İnsan boş konuşur

İnsan boş konuşur
Taksi şoförü, daldığım düşüncelerden beni kurtardı: ‘İstanbul iyice yaşanmaz oldu’. Herhalde bu kentte günde yüzbinlerce kez söylenen, duymaktan bıktığımız bir ‘boş laf’ daha. Havaalanına kadar giden uzun yolda, iki insanın küçük bir mekanı paylaştığı bir anda, suskunluğu bozmak, ‘ben buradayım, sen de burada mısın’ manasına insanca bir refleksin aracısı  olan boş laflar için ‘havadan sudan’ konuşmak nötr ve tarafsız bir zemindir.
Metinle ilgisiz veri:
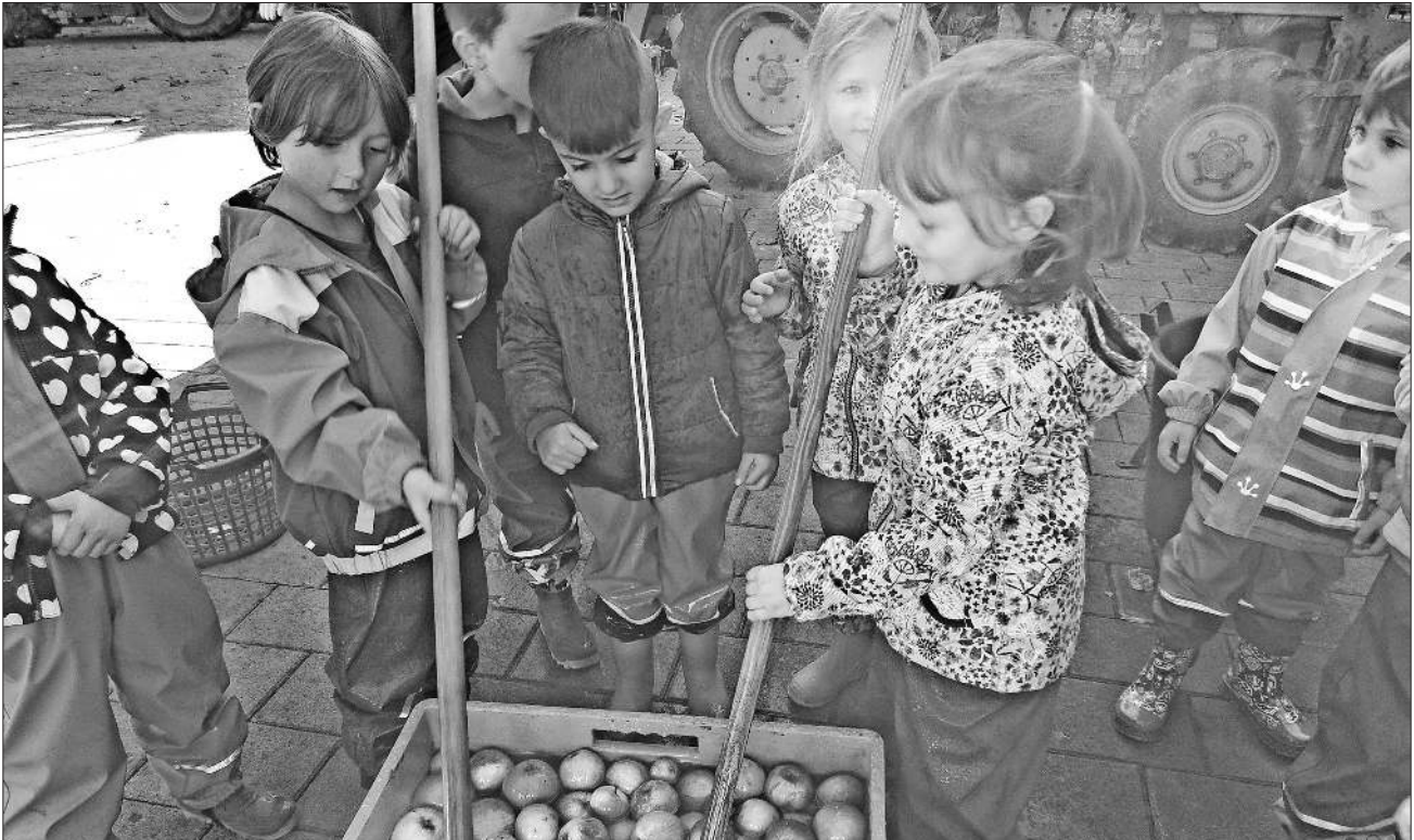
Die Äpfel wurden gemeinsam gewaschen ....

Spor, siyaset, adalet, sağlık gibi hepimizin bir taraf olduğu konuları bir kenara bırakıp, kendi kontrolumuzda olmayan bulutlar, rüzgar ve güneşe takılırız.
Boş laf etmek, boşluklara tahammülü olmayan bir toplumda büyük ayıp sayılır. Boşluklara tahammülümüz olmadığını anlamak için şehir merkezlerindeki her boş araziye bir kulübecik olsun yerleştirmeden rahat edemeyenlerin çokluğunu kanıt gösterebilirim. Boş arazisi olmayan balkonunu ‘kapatarak’ boş kalmasını önler, salonunu iyice genişletir. Iyice genişleyen salon ya da mutfak göze boş gözüktüğü için yeni eşyalarla doldurmak, tezgahların üzerini bir kereden fazla kullanılmayacak (ama o kadar para verdik atamayız) bazı mutfak el aletleri ile kaplamak boşluğa dayanamayan toplumumuzun başka marifetleridir. Oysa boş laf olmadan hayat geçmez.
Konuşurken kurduğumuz bir cümleyi banda kaydetmeyi deneyelim. Kullandığımız kelime ve seslerin yüzde kaçını çıkartırsak mesajımız anlaşılırlığını koruyacak, bir bakmalı. Twitter’daki gibi 144 karakterle kendimizi sınrlamak zorunda değilsek, konuşmamız, cümlelerimiz olması gerekenin yaklaşık 2 katı kelime ya da ses içerir. Bu ‘fazladan’lık olmadığında, örneğin bir konferanstaki konuşmacı kitaptan okur gibi konuştuğunda içimize gelen fenalık hissini analiz ettiğimizde, karşımızdakinin sanki bir makina ya da robot gibi olduğu duygusunu bulabiliriz.
Insanların kendilerine adlarıyla hitap ederek merhaba dediği için tercih ettiği bankamatiklerden bile istediğimiz parayı çıkartıp vermesi dışında selam sabah bekliyorsak, boş lafsız bir dünyanın keyfi sahiden olmayabilir.

1 comment

  1. Bu denli fazladan laf ettiğimizi bilmezdim:) makaleyi tamamlayinca da “iyiki de ediyormusuz” demekten kendimi alamadim. Eline saglik, cok keyfli bir makalecik olmus.